La debolezza teoretica dei principi di organizzazione catalografica e la conseguente inefficacia informativa hanno suscitato da diversi anni un vivace interessamento alla problematica del controllo completo e sistematico delle relazioni, approdato, con le analisi e le proposte della Tillet (7) ad una proficua categorizzazione dei fondamentali tipi di relazione, (equivalenza, derivazione, sequenzialità, partizione), che tuttavia non riesce a organizzare le relazioni in modo coerente e a definirne i costituenti in modo omogeneo; infatti: a) in alcuni casi non viene diversificata la natura delle entità soggette alle relazioni bibliografiche: per es., nelle relazioni di equivalenza andrebbe distinta l'identità sostanziale e formale a livello di pubblicazione (come nel caso di esemplari della stessa tiratura di una edizione o delle riproduzioni facsimilari) dalla equivalenza a livello testuale (sia nel caso della riedizione della stessa composizione tipografica del testo pubblicata con frontespizi diversi e contributi complementari; sia nel caso di edizioni diverse dello stesso testo); b) in altri casi, non è evidenziata la specificità testuale e la distanza intellettuale delle varie opere correlate al nucleo originario: per es.le relazioni derivative sono riferite sia alle edizioni critiche e alle revisioni testuali dell'opera, sia alle edizioni che conservano solo un vago e sfumato richiamo al contenuto dell'opera originaria e al suo autore.

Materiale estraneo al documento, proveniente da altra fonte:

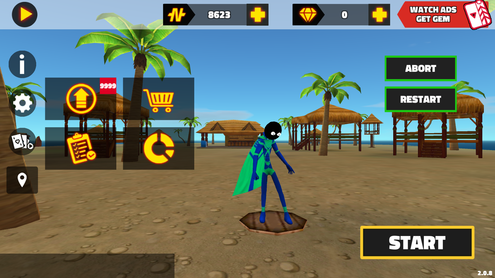 火柴人超级英雄(Stick Superhero),火柴人题材的一款大型城市冒险游戏。游戏中玩家将化身成为火柴人超级英雄,利用自己的特殊能力惩恶扬善,如超级飞行、超级踢、激光眼等能力,自由自在的穿梭在城市中,接取各种任务,消灭所有的罪犯!你还可以收集各种武器,让你更加顺利的完成任务!
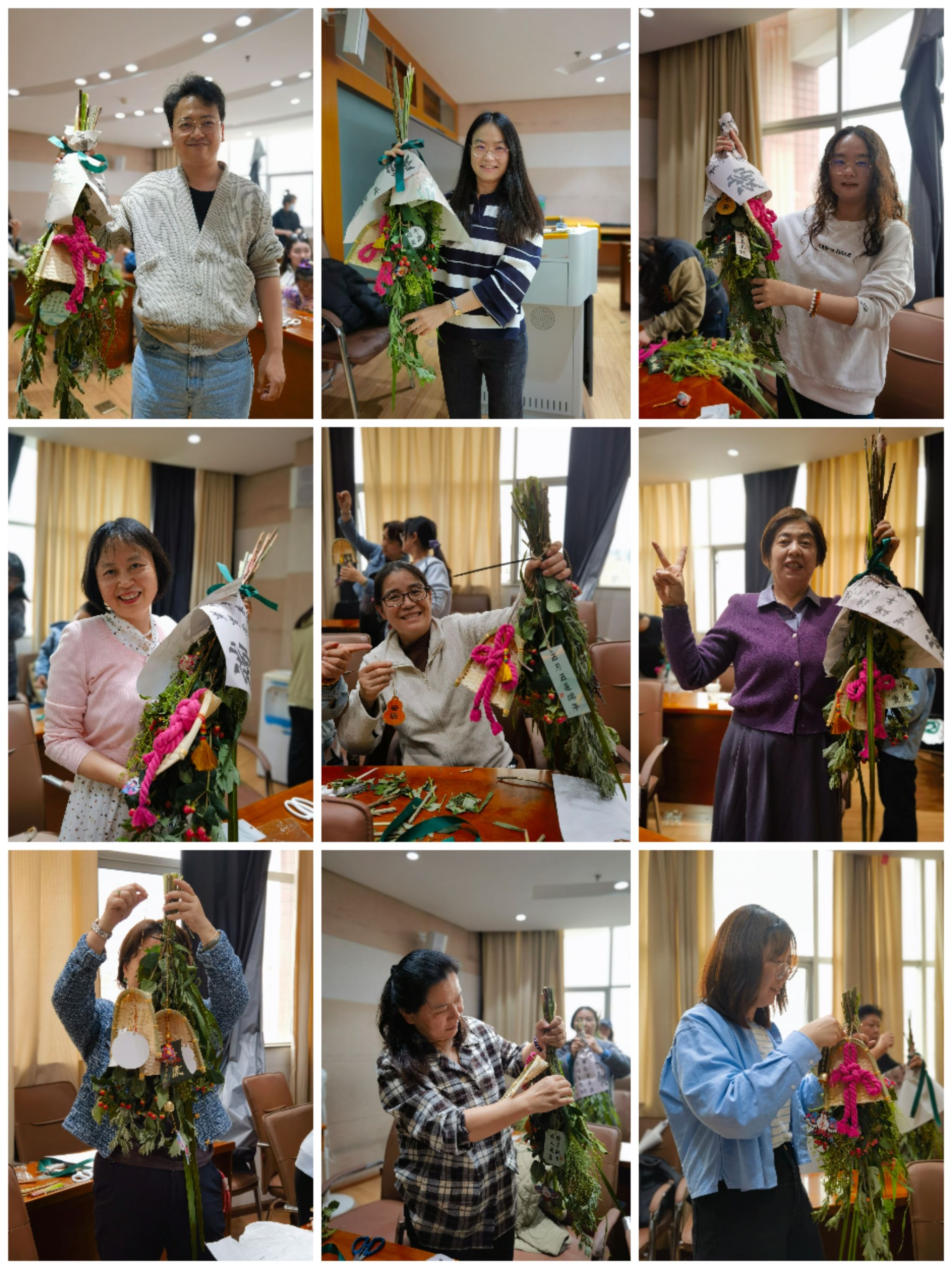 学院教职工共聚一堂,共同追溯端午民俗的起源,沉浸式感受中华传统节日与传统文化蕴含的独特魅力。在花艺师细致入微的讲解和耐心引导下,老师们将菖蒲、艾叶、艾蒿、女贞果、澳洲郁金香、红果、喷泉草等七种散发着馥郁清香、寓意着幸福祈福、象征着美好愿景的花材,巧妙且错落有致地组合在一起,再搭配上艾草香包、金色铃铛、福语卡片和中国结作为装饰,让整个插花作品更添节日氛围。
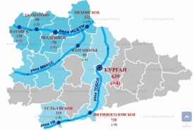 На 1 см за сутки прибавила и река Исеть у Катайска и Шадринска, остальные реки по-прежнему идут на спад.
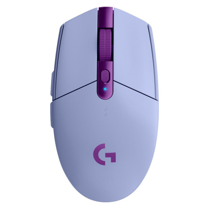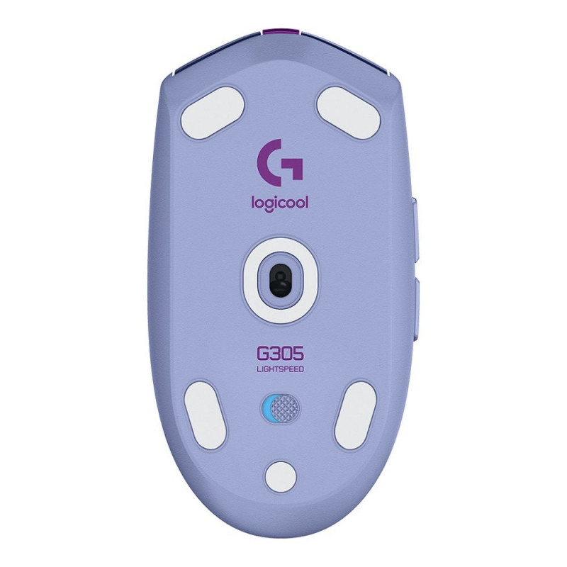 "Logitech G G305. Formfaktor: rechts. Bewegungerfassungs Technologie: Optisch, Geräteschnittstelle: RF Wireless, Bewegung Auflösung: 12000 DPI, Reaktionszeit: 1 ms, Tastentyp: Gedrückte Tasten, Knopfanzahl: 6, Scroll Typ: Rad, Beschleunigung (Max.): 40 G. Farben der Beleuchtung: Blau, Grün, Rot. Energiequelle: Batterien. Produktfarbe: Lila"
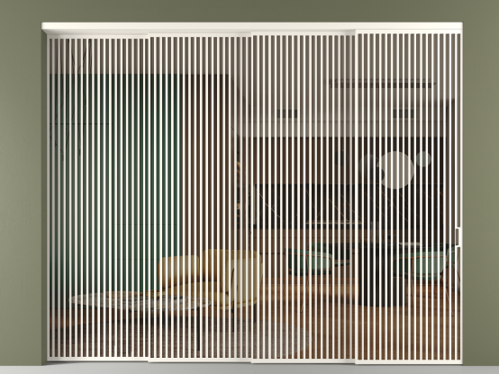 Во всех алюминиевых перегородках, независимо от типа установки, используется компланарный раздвижной механизм, благодаря которому декоративная крышка и полотно находятся в одной плоскости.
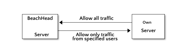 Suppose that the interface on the beachhead server is tap0 and that you would like to allow traffic from the beachhead server to your server for the users having the UID (from /etc/passwd) 0 (root), 1000 (some user), 1001 (some other user).
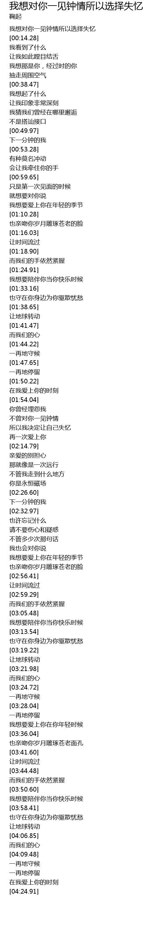 | [00:01.10] | 我想对你一见钟情所以选择失忆 |
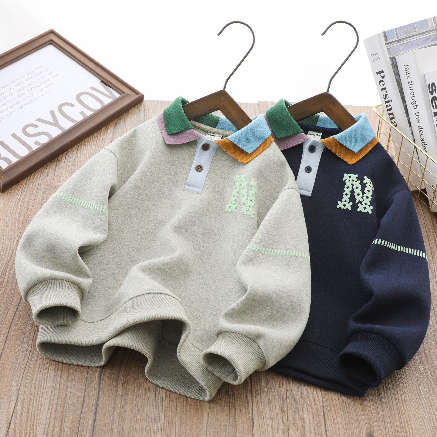 男童卫衣春秋韩版休闲中大童运动百搭男孩帅气撞色假两件衣领上衣
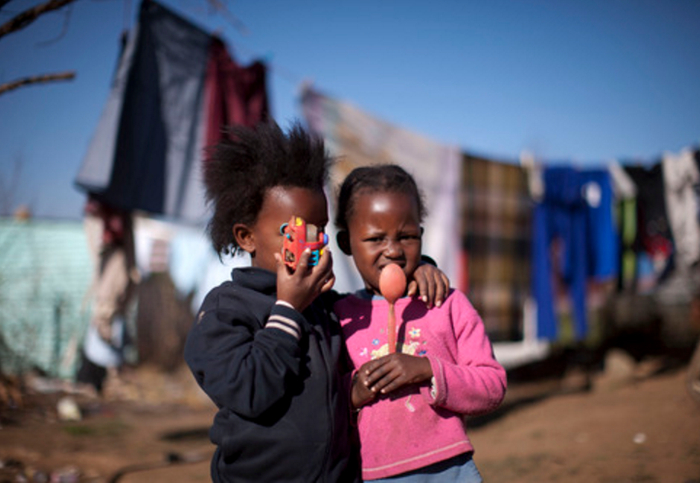 在约翰内斯堡(南非)莫特斯瓦雷迪临时定居点,4岁的阿曼达(左)和努努拿着她们刚刚找到的新玩具:一个破坏了的玩具小车和一把塑料小勺
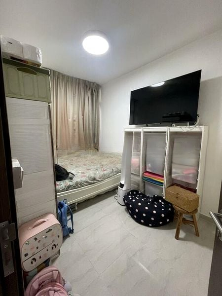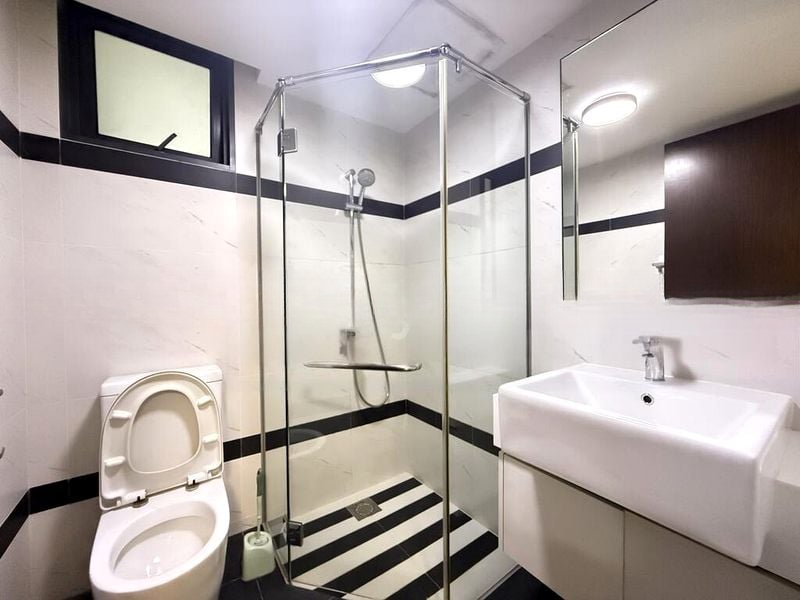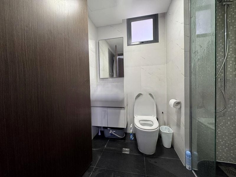 This well-maintained unit features an open-concept layout, seamlessly connecting the living and dining areas. The marble-top dining table and stylish mirror feature wall enhance the modern aesthetic, while the kitchen boasts a glass partition that allows for interaction without sacrificing space. The master bedroom is a tranquil retreat, complete with a built-in wardrobe and a large window that invites in the morning sun. The bathrooms are designed for relaxation, featuring a walk-in shower with a rain shower head and a wall-mounted vanity mirror.

In altri casi la riflessione è stata sollecitata dalla considerazione della necessità di controllare il reticolo bibliografico di alcune situazioni bibliografiche particolarmente complesse ; è il caso:
1) delle opere musicali, di cui è stata evidenziata la grande incidenza di manifestazioni multiple (8) e, in relazione alla peculiarità della tradizione dell'editoria musicale, l'inefficacia della prassi di trascrizione del titolo del documento ai fini dell'identificazione dell'opera in esso contenuta;
2) dei periodici, la cui vita - spesso contraddistinta da interruzioni, cambiamenti di titolo, fusioni - è stata paragonata allo sviluppo genealogico dell'uomo (9), e ha sollecitato la messa a punto di espedienti catalografici volti a mostrare le relazioni, di natura sequenziale, fra i vari membri della famiglia di uno stesso periodico. Tali relazioni, registrate descrittivamente nelle schede manuali, sono già opportunamente codificate nei formati di macchina, che consentono di mostrare i mutamenti successivi tra i titoli dei periodici in senso bidirezionale; tuttavia, al fine migliorare la qualità dell'offerta informativa, si è ritenuto più opportuno esibire le relazioni contemporaneamente, e non in successione, sotto forma di una matrice di registrazioni correlate, sì da mostrare all'utente l'intero contesto della famiglia bibliografica del periodico. Tale matrice dovrebbe indicare sinteticamente tutta la complessità del reticolo delle relazioni instauratesi nel corso della vita di un periodico tra tutte le sue varie manifestazioni bibliografiche, lasciando ad un legame ipertestuale la possibilità di indagare più a fondo il livello del nodo relazionale specifico (10). Questo tipo di visualizzazione sarebbe analogo a quello proposto nel catalogo alfabetico per soggetti attraverso la tecnica di compressione degli indici (11), che dà luogo a meta-indici che delineano la mappa classificata delle categorie concettuali secondo cui si articola un soggetto.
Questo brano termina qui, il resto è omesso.